Wednesday, March 04, 2009

Adding To The Beatle Industry?

Want to generate more web links than you could, or should, visit? Just Google "Beatles-Liverpool". You'll be confronted with a daunting surfeit of tacky, predictable, cliched & frankly rather pathetic links, however tenuous, to the Fab Four. I've always been wary of celebrating the fact that the band came from Liverpool. It's history; as one who wants to see new, unsigned acts from the area given the breaks they deserve, it's a source of frustration, sometimes exasperation, to be asked about a band which split up 40 years ago. Don't get me wrong, I'm as much of a Beatle afficianado as the next Scouser, & it's impossible to imagine (so to speak) what much of pop music would have been like without their legacy.
However, that's a key word in this context, legacy.
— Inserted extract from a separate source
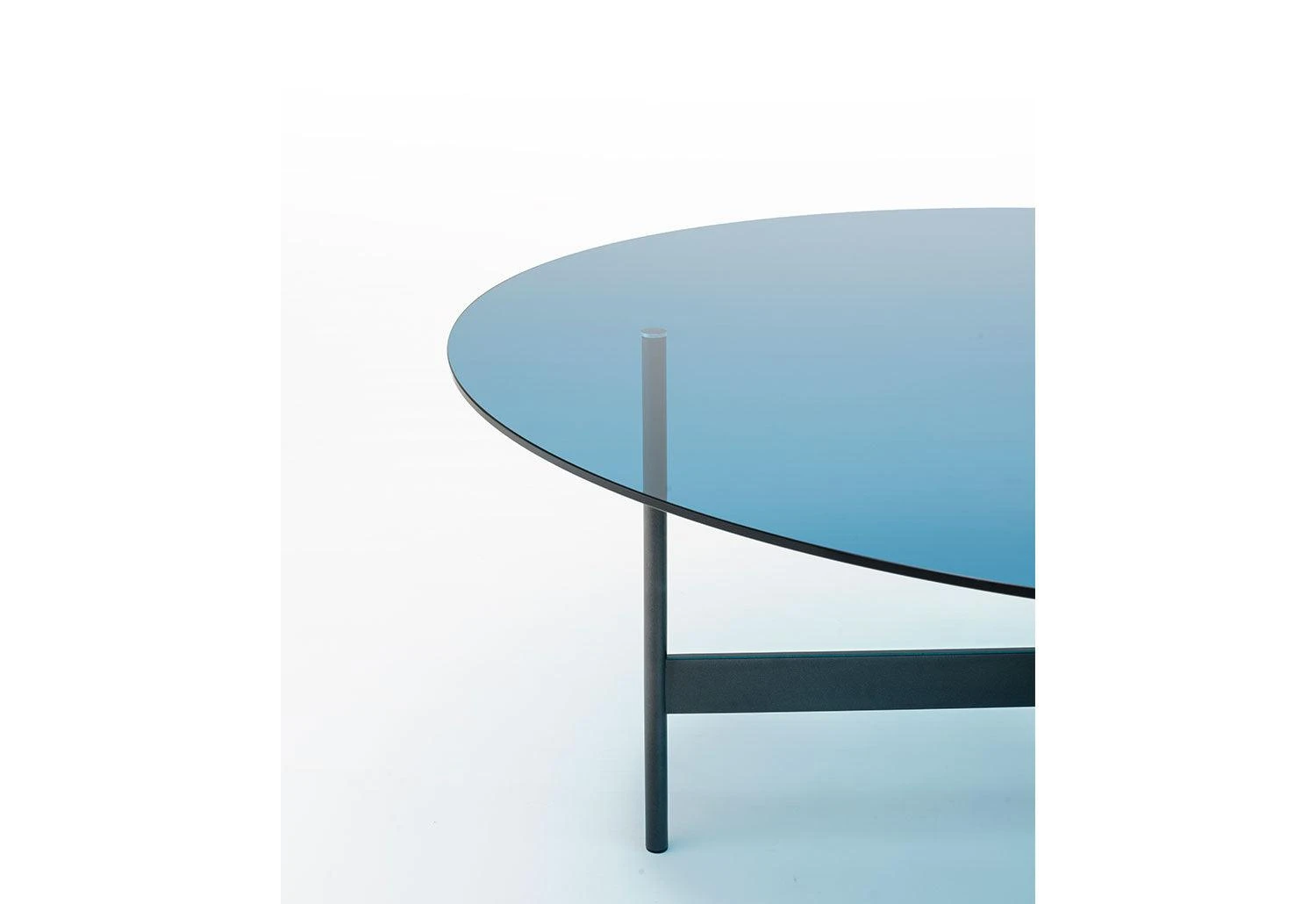 The Notes outdoor table has a tabletop in smoked coloured glass, blue coloured glass or granite. An indoor version of the Notes table is also available, please see it here.

It is not of the present, it's part of music's heritage.
Which makes me sceptical of the inherent worth, academic relevance & purpose of a Masters Degree course at Liverpool's Hope University entitled, The Beatles, Popular Music and Society (http://www.guardian.co.uk/education/2009/mar/04/beatles-higher-education-liverpool-university ; http://www.liverpoolecho.co.uk/liverpool-news/local-news/2009/03/03/liverpool-hope-university-launches-beatles-masters-degree-100252-23047805/ & http://news.bbc.co.uk/1/hi/england/merseyside/7921328.stm ).
The Guardian's report notes:
"Among the topics covered on the course, which comprises four 12-week modules and a dissertation, are the postwar music industry, subcultures, and the importance of authenticity and locality........
"As well as investigating different ways of studying popular music, the MA will look at the studio sound and compositions of the Beatles and examine Liverpudlian life from the 1930s to see how events helped to shape the music emerging in the city."
Mike Brocken, a senior lecturer in popular music at Hope University & occasional welcome voice on BBC Radio Merseyside, is defensive in his response when asked in the Guardian piece about the relevance of such a course, given the current job market. He goes a little further down the road of justification in the Echo article, which relates that he "stressed the unique course was anything but 'Mickey Mouse', with serious academic study the order of the day."
I can certainly see the merit in academic study of music from the 60s (not just that produced by the Beatles) & how it shaped or changed attitudes in society. I can also recognise the academic validity of placing the Beatles' music in the context of the different musical genres in the city in the decades leading up to the Merseybeat era. If the course places an emphasis on the latter field of study, it would be of a piece with other valuable aspects of local history. Simply obsessing over the Fab Four's output, on the other hand, serves no real purpose.
Anybody considering the course would do well to bear in mind the likely cost of the MA course: £3,445. Imagine no possessions indeed.

1 comment:

Anonymous said...

Yanks will be amazed at the size of the Beatles-Industrial Complex in the UK.